Michael LaCour-Little, a finance professor at California State University at Fullerton, looked at 4,000 foreclosures in Southern California from 2006-08. He found that, at least in Southern California, borrowers who defaulted on their mortgages didn’t purchase their homes at the top of the market. Instead, the average acquisition was made in 2002 and many homes lost to foreclosure were bought in the 1990s. More than half of all borrowers who lost their homes had already refinanced at least once, and four out of five had a second mortgage.
The original loan-to-value ratio for these borrowers stood at a reasonable 84%, but second and third liens left homeowners with a combined loan-to-value ratio of about 150% by the time of the foreclosure sale date.

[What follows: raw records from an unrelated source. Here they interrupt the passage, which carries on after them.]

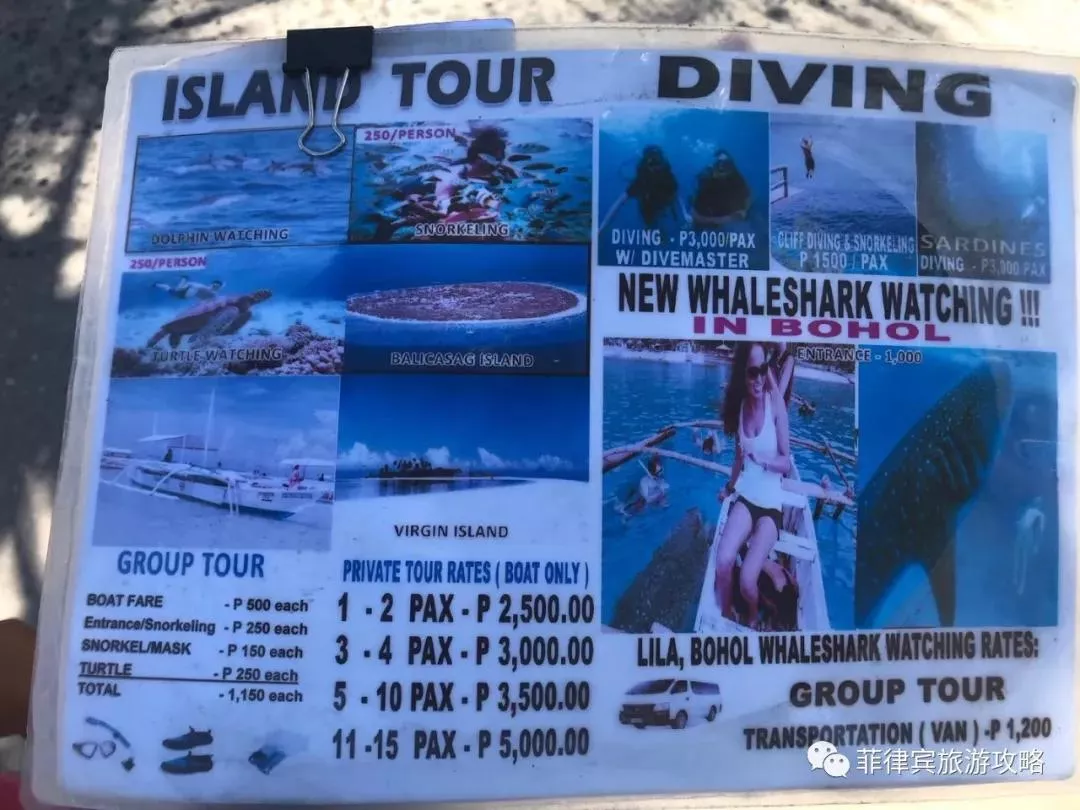 第二天將行程定在邦勞島上,如果想出海潛水的話,需要在大早上6點(diǎn)左右趕到阿羅那海灘,海灘周邊會有很多提供出海游的小旅行社,會給你推薦他們的出海套餐,套餐種類繁多,可以去巴里卡薩島潛水,也可以追海豚、看海龜。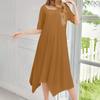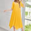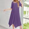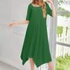 Женское повседневное модное платье миди с круглым вырезом и коротким рукавом, однотонное, с неровным подолом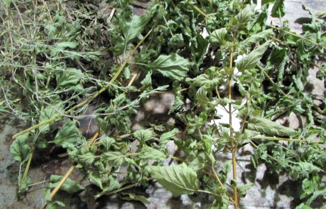 In the photo above I’ve dried lemon balm, thyme, and basil. At this stage, the herbs are very dry. To further ensure they have no moisture left in their leaves I keep them in labeled brown lunch bag for a week or two longer, before final storage in a jar or plastic bag.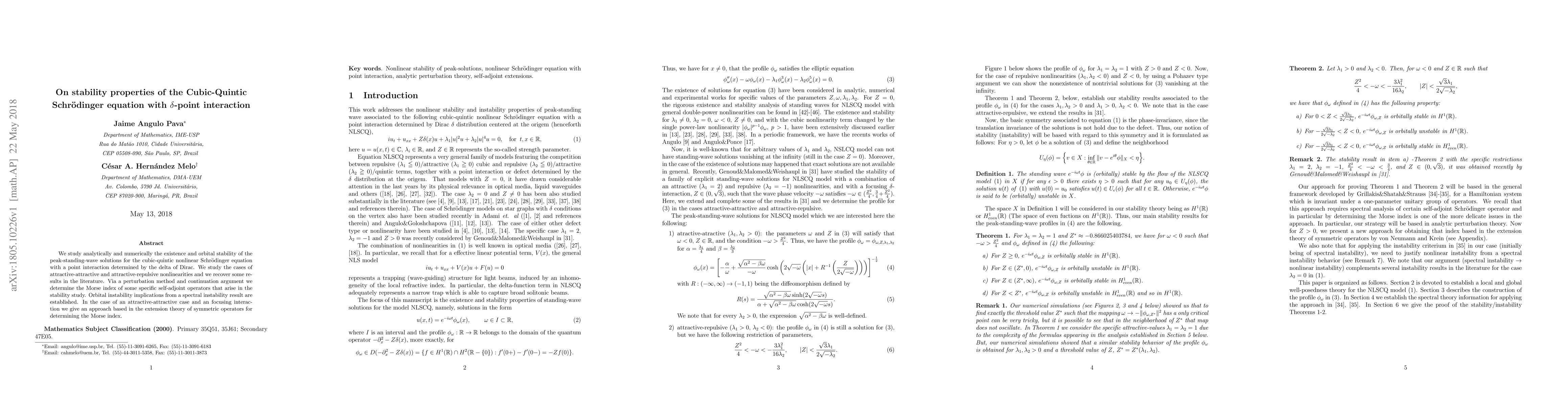 We study analytically and numerically the existence and orbital stability of the peak-standing-wave solutions for the cubic-quintic nonlinear Schrodinger equation with a point interaction determined by the delta of Dirac. We study the cases of attractive-attractive and attractive-repulsive nonlinearities and we recover some results in the literature. Via a perturbation method and continuation argument we determine the Morse index of some specific self-adjoint operators that arise in the stability study. Orbital instability implications from a spectral instability result are established. In the case of an attractive-attractive case and an focusing interaction we give an approach based in the extension theory of symmetric operators for determining the Morse index.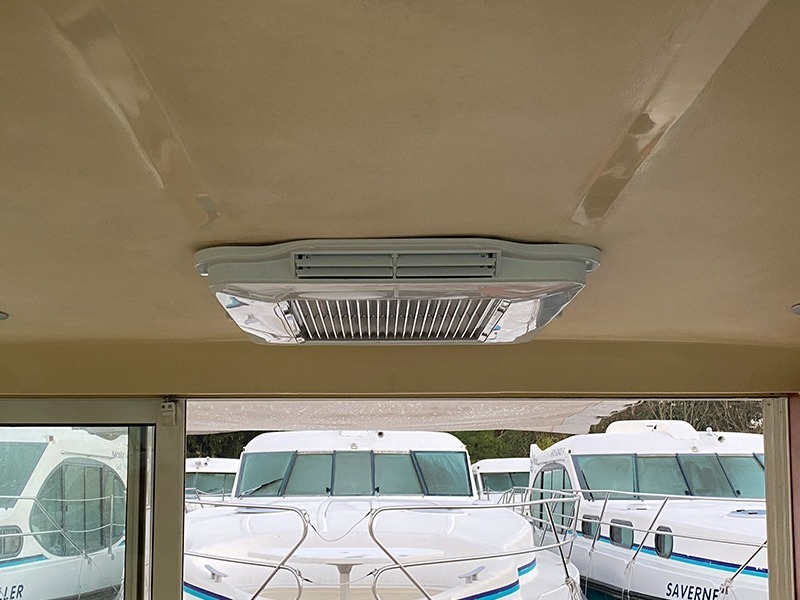 Voici l’exemple d’un cruiser Nicol’s Yacht de la gamme Estivale Sixto (13.50m) équipé d’un taud rigide au-dessus de la terrasse arrière. Son propriétaire l’a équipé de panneaux solaires, afin de tendre vers une autonomie électrique sans avoir besoin de se raccorder à quai. Les travaux d’installation ont été réalisés par la Sté SPN ENERGY (44350 SAINT MOLF)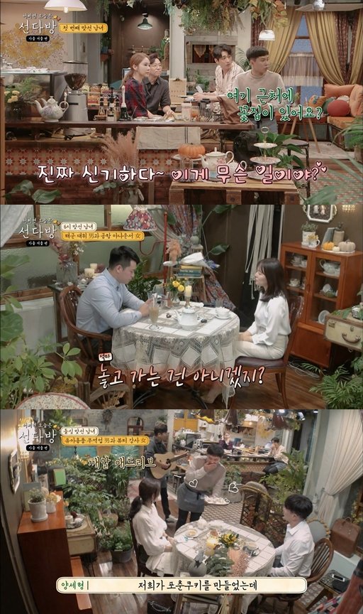 이날은 이적, 유인나, 양세형, 윤박의 카페지기로서의 활약도 예고돼 기대를 모은다. 출연자들의 맞선 성공을 위해 직접 포춘 쿠키를 만드는가 하면 이적과 양세형은 즉석에서 포춘 쿠키송을 작사, 작곡해 맞선 남녀의 긴장을 풀어주. 유인나는 특유의 섬세함으로 맞선 남녀들의 심리를 꿰뚫으며 진정성 어린 조언을 쏟아내고 유일한 기혼자 이적은 돌싱 남녀의 고민 하나하나에 깊이 공감, 어느 때 보다도 복잡 미묘한 두근거림을 선사할 전망이다.

Borrowers, meanwhile, took out around $2 billion in equity from their homes, or nearly eight times the $262 million that they put into their homes. Lenders lost around four times as much as borrowers, seeing $1 billion in losses.

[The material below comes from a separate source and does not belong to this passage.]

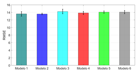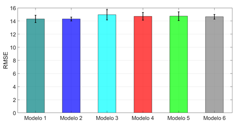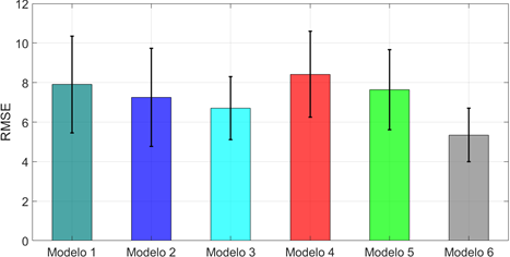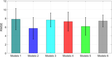 Estos hechos también se pueden comprobar en la Tabla 6 y en la Figuras 9 y 10 que muestran la métrica RMSE calculada a través de (2). Por otro lado, la Tabla 6 muestra el CC calculado a través de (3) para todos los modelos de estimación entrenados.

“[W]hile house price declines were important in explaining the incidence of negative equity, its magnitude was more strongly influenced by increased debt usage,” writes Mr. LaCour-Little. “Hence, borrower behavior, rather than housing market forces, is the predominant factor affecting outcomes.”
So, the object of so much journalistic moralizing, the poor homeowner who was done in by unscrupulous agents, a misguided national interest rate policy and other assorted villains, turns out to be just as slick as all the rest. Instead of losing everything they have in fact extracted enormous sums of cash from their properties and left the bag for someone else to hold.
If the study is accurate and if its findings hold true across the country then one has to inquire as to why such enormous sums of money are being expended upon a class of people who have suffered no economic loss. Realistically, I’m posing a rhetorical question since the truth will not be known until long after the last loan modification has been done. It will be the stuff of congressional hearings and academic papers but the money will have long since vanished.
What we might learn from this is what I’ve been harping on for the last week or so. We are continually discovering that our notions about what caused the housing bubble and ensuing crisis are faulty. Congress and the administration need to slow down in their mad rush to put in place regulations to prevent a repetition of the problem until such time as there is better data showing exactly it is that we need to cure.